Третьего арестованного, украинца из Галиции, обвиняли в шпионаже. Следствие уже закончилось, и он ждал суда.
Через несколько дней в камере появился еще один заключенный по фамилии Иоффе. Это была колоритная фигура. Могучего сложения и необъятной толщины, с огромным животом и соответствующего объема противоположным местом, веселый и неунывающий, он появился в камере с чемоданчиком в руках, и вид у него был такой, будто он приехал на курорт.
Крупный делец-нэпман, Иоффе занимал пост председателя смешанного (с участием государственного капитала) акционерного общества по добыче, переработке и продаже рыбы. В Москве, в Охотном ряду (там, где сейчас здание Госплана СССР) у него был фирменный рыбный магазин, а в Астрахани – рыбные промыслы с заводом, производившим консервированную, копченую и соленую сельдь, белугу, осетрину, севрюгу и стерлядь. Ворочал он миллионами.
Во внутренней тюрьме Иоффе сидел не один раз, хорошо знал все порядки, и так как всегда, по его словам, выходил сухим из воды, был уверен, что и сейчас отделается легким испугом. Ныне его обвиняли в небольшом мошенничестве, которое могло дать ему большую прибыль: в том, что в каждую бочку сельди, проданной государству, он влил по лишнему ведру воды. При крупной партии сельди это могло составить большую сумму. Иоффе, впрочем, уверял, что обвинение ложное и что воды было влито ровно столько, сколько полагается по рецепту.

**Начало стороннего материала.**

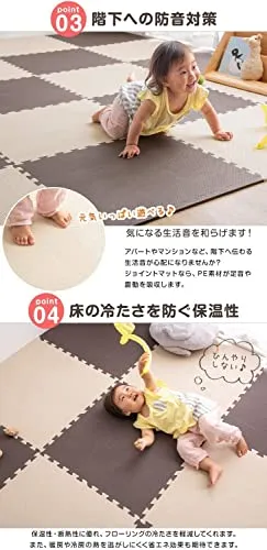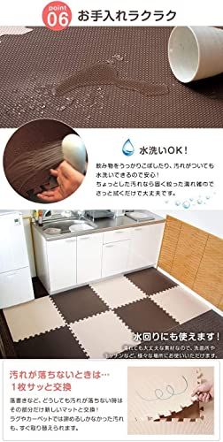 【お手入れ方法】・汚れた場合は固く絞った雑巾で拭き取るか、水洗いをしてください。・水分が隙間に入り込んだ場合はカビ発生の原因となる場合がありますので、定期的にマットを剥がして掃除してください。・匂いが気になる場合は、風通しの良いところで陰干してください。 ・表面の凹凸の深さに若干の個体差がある場合がございます。 ・ロットによって色味が異なる場合がございます。 ・床暖房の種類等によって、商品に多少の反りが生じる場合がございます。 ・PE素材の特性上、使用するうちに負荷がかかる部分に多少のへたりが生じます。 そのため、既に使用しているマットに新しいマットを繋げて使用する際、上手く繋がらない場合もございますので、予めご了承ください。 2019年1月10日に素材をEVAからPEに変更しました ※床材(塩化ビニル・フローリング等)によって、色移りや変色が起こる場合がございます。床とマットの間に敷物や防護シートを敷いていただくことを推奨しております。

В чемоданчике, который ему, в порядке исключения, разрешили взять в камеру, кроме белья, лежали всякие съедобные деликатесы, а главное несколько блоков хороших папирос по 100 штук в каждом. Это тоже было исключение: у нас пачки вскрывали, и папиросы передавали нам навалом.

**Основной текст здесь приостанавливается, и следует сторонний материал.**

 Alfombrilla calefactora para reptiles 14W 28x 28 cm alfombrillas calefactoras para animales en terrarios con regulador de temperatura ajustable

– Курите, – сказал он, широким жестом кладя блок папирос на стол, курите, не стесняйтесь. Выкурим – мне следователь еще передаст… И, закрывая чемоданчик, сказал:
– Вот, как прихожу из тюрьмы домой, так сразу заполняю его тем, что мне в тюрьме может понадобиться. Пусть стоит наготове…
Пробыл я на Лубянке недолго, недели две-три. Когда меня вызвали к следователю, я заявил ему, что ГПУ не имеет права вмешиваться во внутрипартийные разногласия и отказался давать показания. На этом мои встречи со следователем закончились, и через некоторое время меня перевели в Бутырскую тюрьму.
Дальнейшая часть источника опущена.